Nothing but the pictures should be dropped; repeat the rest of the data below exactly.

== Exercise data ==
※
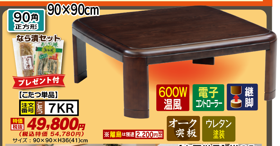 ヒ-タ-:600W温風(電子コントローラー)/タモ突板,継脚(5cm)
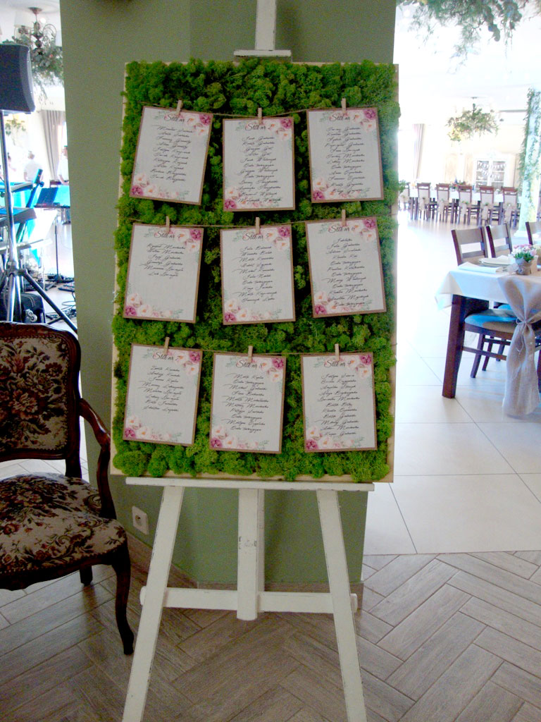 Drewniana rama do stworzenia tablicy z rozmieszczeniem gości pomoże w odnalezieniu odpowiedniego miejsca na przyjęciu. W ofercie posiadamy dwie ramy:
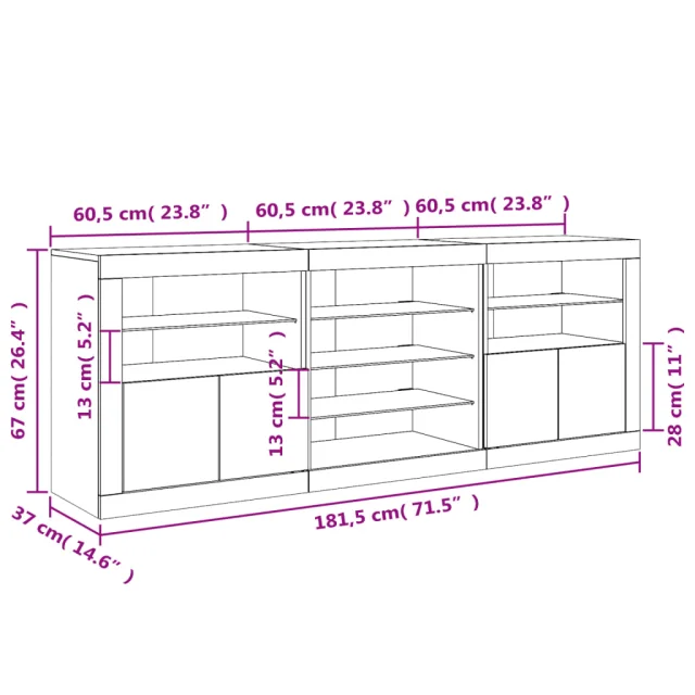 • 3 x Komoda: 60,5 x 37 x 67 cm (Š x G x V)
※
== Written response ==
 ヒ-タ-:600W温風(電子コントローラー)/タモ突板,継脚(5cm)
 Drewniana rama do stworzenia tablicy z rozmieszczeniem gości pomoże w odnalezieniu odpowiedniego miejsca na przyjęciu. W ofercie posiadamy dwie ramy:
 • 3 x Komoda: 60,5 x 37 x 67 cm (Š x G x V)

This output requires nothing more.